10 Dec 2017

A fun integer overflow bug investigation

Sometimes we run into weird bugs or buggish situations that are frustrating but are actually fun to solve. I ran into a similar problem recently. A good old NumberFormatException in the open-source analytics dashboard service: Metabase.

We use Metabase to create product metric dashboards. Recently, they allowed caching long running queries and it allows you to set the max entry size as a MAX CACHE ENTRY SIZE setting in kilobytes. This is where the fun starts!

The classic unit conversion mistake

I wanted to set the cache size to 2 Gb because we have a lot of dashboards and some have really large queries that we don’t really need refreshed every time they run. However, instead of writing the value in kb, I absentmindedly entered the value in bytes inviting an inevitable NumberFormatException: Failed to parse setting: For input string: 2147483648 The UI didn’t complain and happily applied the value to the backend resulting in a blank page when you open settings the next time:

The investigation

Equipped with a blank settings page and a cryptic error message: A Jetty 500 response with the body - For input string: "2147483648", I set out to hunt the bug. I had changed the setting a few weeks ago and since the UI didn’t complain, I promptly closed the admin panel and forgot about it till I needed to tweak some settings later so this was pretty mysterious symptom.

The first thing I tell junior engineers when they are faced with debugging code is to not be afraid of reading the stack-trace and just taking a moment to connect the dots. Just taking the time to try and read the stack-trace + logs from code that you have never seen seems like a daunting task initially but with practice it gets easier. So we hunt for the stack-trace next because the http response isn’t super helpful but we have the first clue: the number 2147483648.
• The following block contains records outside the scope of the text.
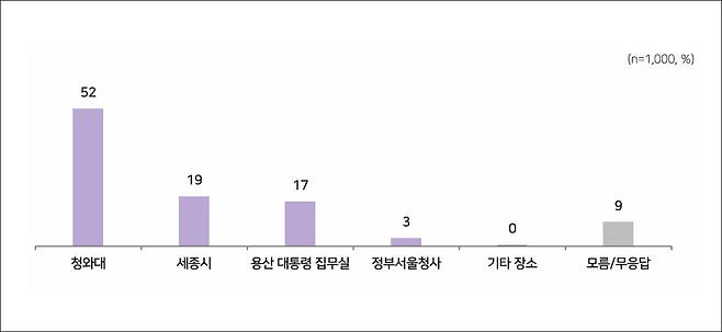 새 대통령 집무실로는 청와대가 좋다는 응답이 52%로 가장 높았고, 세종시, 용산, 정부서울청사가 뒤를 이었습니다.
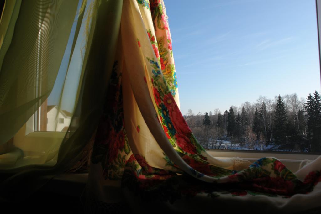 eleka Красивый вид из окна, а с платком - особо радостный и праздничный! Как-то высоко Вы на даче сидите, дом на возвышении, или четыре этажа?
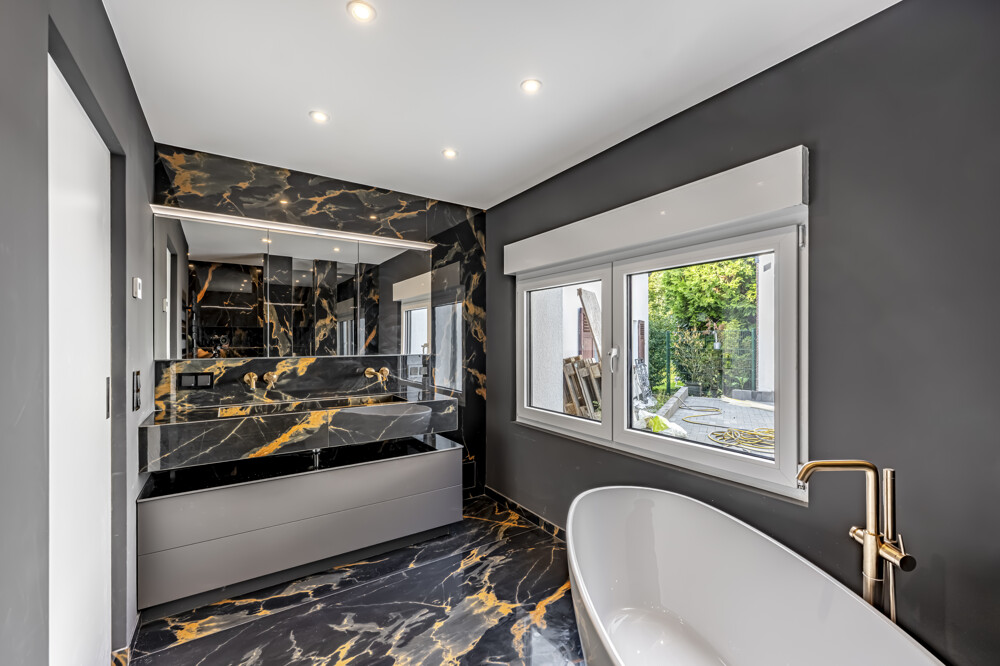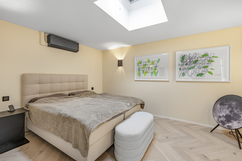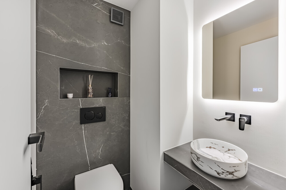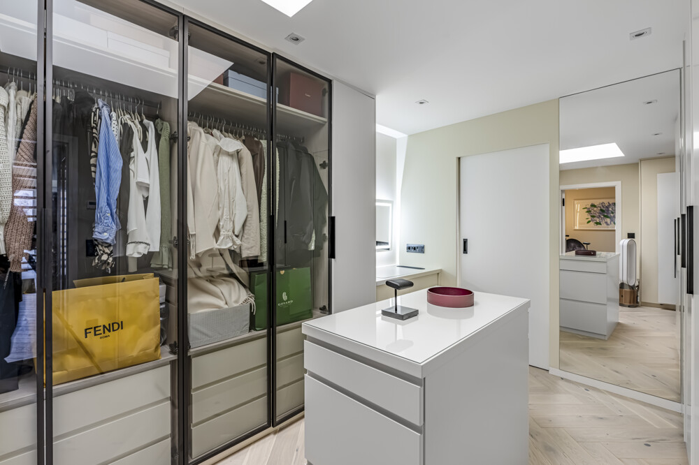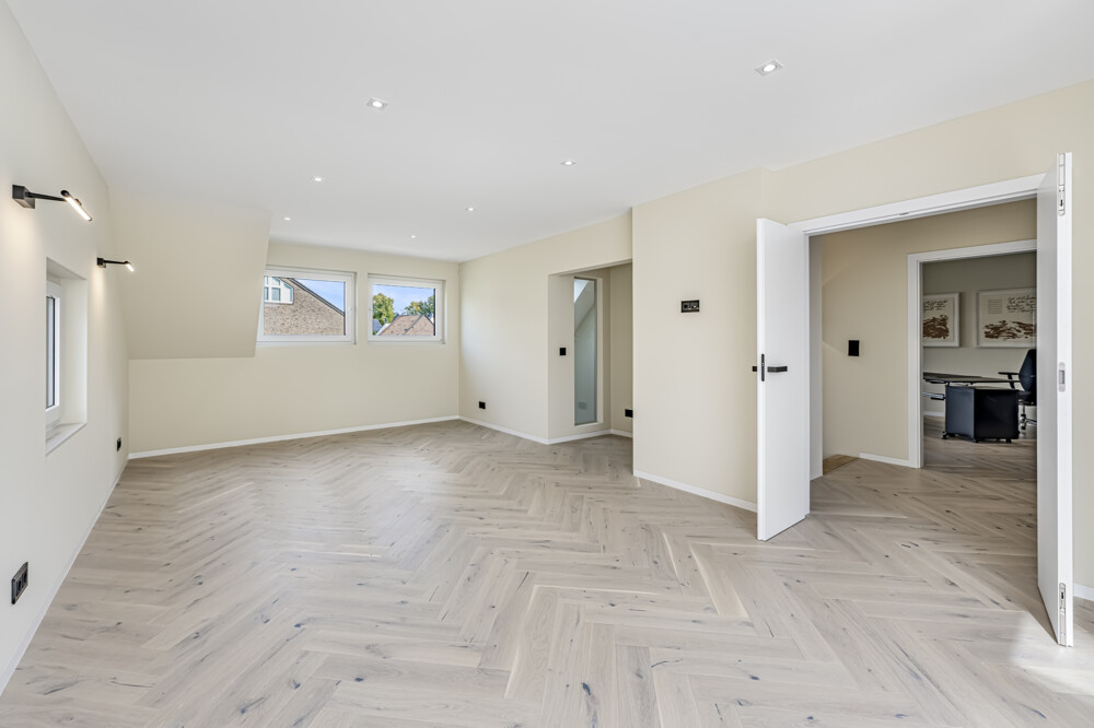 Auf gleicher Ebene befindet sich ein separates WC sowie der private Masterbereich: ein großzügiges Schlafzimmer mit direktem Zugang zur begehbaren Ankleide und einem exklusiven En-Suite-Bad. Ausgestattet mit freistehender Wanne, großformatiger Rainshower-Dusche und stilvollen Details, verspricht dieser Bereich pure Erholung in luxuriösem Ambiente.
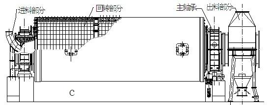 如上圖c中所示是中心傳動的球磨機。出料端蓋與帶有出料孔的傳動接管相聯接。出料端部設有格子板、揚料板和出料螺旋。螺旋線的方向與磨機的轉向相同,在傳動接管上裝有一個圓筒篩。篩內裝有振打裝置,防止篩孔堵塞。這些裝置都被密封在出料罩內。出料罩上部用管路通向收塵器,下部通過成品輸送設備將物料運走。傳動接管的另一端從出料罩伸出來通過齒形聯軸節與減速機出來的低速軸相連接。在傳動系統中還設有慢速驅動裝置,以備檢修時可用它將筒體上的人孔門隨時轉到所需要的位置,以及在啟動磨機時應用。
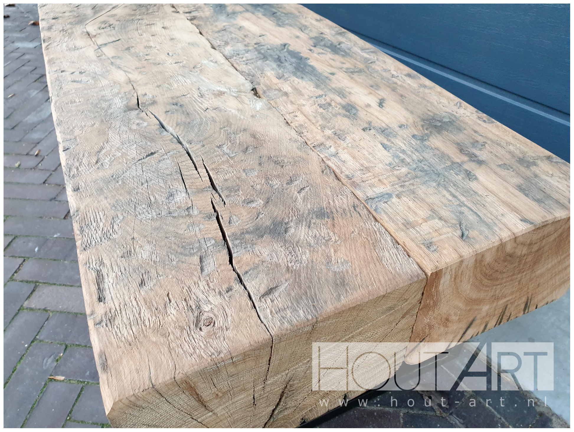 Oude steigerplanken zijn grijzig door het cement wat er overheen is gegaan en door de bewerking van het weer. De planken welke wij gebruiken zijn allemaal anderhalf tot twee jaar in weer en wind gebruikt, uit gesorteerd en na gebruik een ruim half jaar gedroogd om eventuele werking zoveel mogelijk te voorkomen als mogelijk.
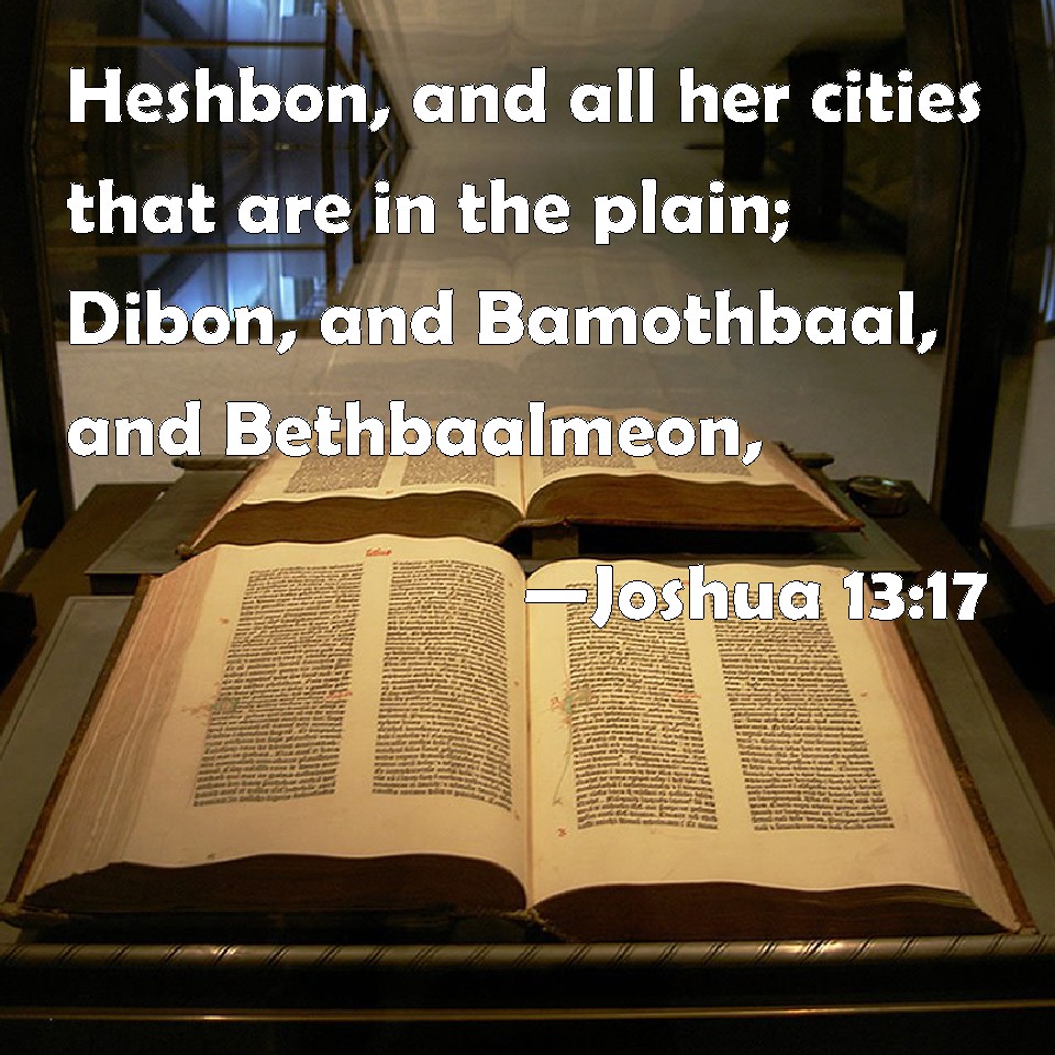 Choose a Background Joshua 13:17 Heshbon, and all her cities that are in the plain; Dibon, and Bamothbaal, and Bethbaalmeon, KJV: Heshbon, and all her cities that are in the plain; Dibon, and Bamothbaal, and Bethbaalmeon, DRB: And Hesebon, and all their villages, which are in the plains. Dibon also, and Bamothbaal, and the town of Baalmaon, DBT: Heshbon, and all her cities that are in the plateau, Dibon, and Bamoth-Baal, and Beth-Baal-meon, ERV: Heshbon, and all her cities that are in the plain; Dibon, and Bamoth-baal, and Beth-baal-meon; WBT: Heshbon, and all her cities that are in the plain; Dibon, and Bamoth-baal, and Beth-baal-meon, WEB: Heshbon, and all its cities that are in the plain; Dibon, Bamoth Baal, Beth Baal Meon, YLT: Heshbon, and all its cities which are in the plain, Dibon, and Bamoth-Baal, and Beth-Baal-Meon,Links Joshua 13:17 NIV • Joshua 13:17 NLT • Joshua 13:17 ESV • Joshua 13:17 NASB • Joshua 13:17 KJV • Joshua 13:17 Interlinear • Joshua 13:17 Commentaries • Joshua 13:17 Parallel Texts • Joshua 13:17 Bible Apps • Joshua 13:17 Parallel • Bible Hub |
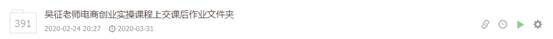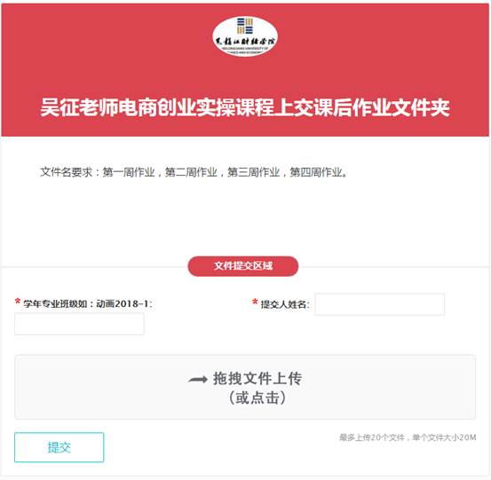 专门为此课程打造的电商创业实操课程作业上交系统,上交网址为http://xzc.cn/TBkU4Iu3PC,上交页面如下图所示,可以使用手机或电脑端提交。4周作业上交次数为391次,人均上交作业5.58次/周。作业提交量超过100%。
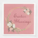 Easter Blessings Paper Napkin Floral Tableware, light maroon background with floral wreath pink, white and gold circle. In darker maroon has "Easter Blessings." Happy Easter supplies!
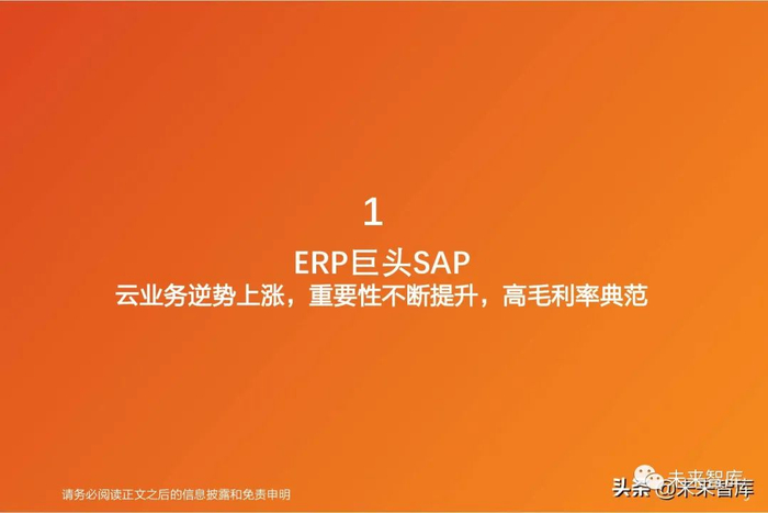 ERP巨头SAP:符合预期,云业务逆势上涨,云与软件业务重要性不断提升(占比85%),高毛利率典范;公 司中国地区业务在与国内云计算、ERP龙头企业用友、金蝶等的竞争中占下风。预计国内相关公司毛利率未来 也会提升。

Next, let’s look at the logs from Metabase:

12-10 21:52:58 WARN server.HttpChannel :: /api/setting
java.lang.NumberFormatException: For input string: "2147483648"
	at java.lang.NumberFormatException.forInputString(NumberFormatException.java:65)
	at java.lang.Integer.parseInt(Integer.java:587)
	at java.lang.Integer.parseInt(Integer.java:615)
	at metabase.models.setting$get_integer.invokeStatic(setting.clj:162)
	at metabase.models.setting$get_integer.invoke(setting.clj:158)
	... <more logs> ...

Ok, so that makes sense: 2147483648 is exactly 2^31 which is exactly 1 above the max value of a signed 32 bit integer. However, we still don’t know where this is set and how it can be changed because the UI itself isn’t loading. So we head over to their github repo and dig around metabase.models.setting$get_integer. It seems like something is trying to read this value and breaking but how do I get around to un-setting this value?

Since the value was the same every time and coming from the settings module, there must be some representation of this value in a database somewhere so that’s where we head to next. Sure enough, there is a table called Settings and a value in that table is set to 2147483648. After manually updating the value in the database and restarting the server, we were back in action!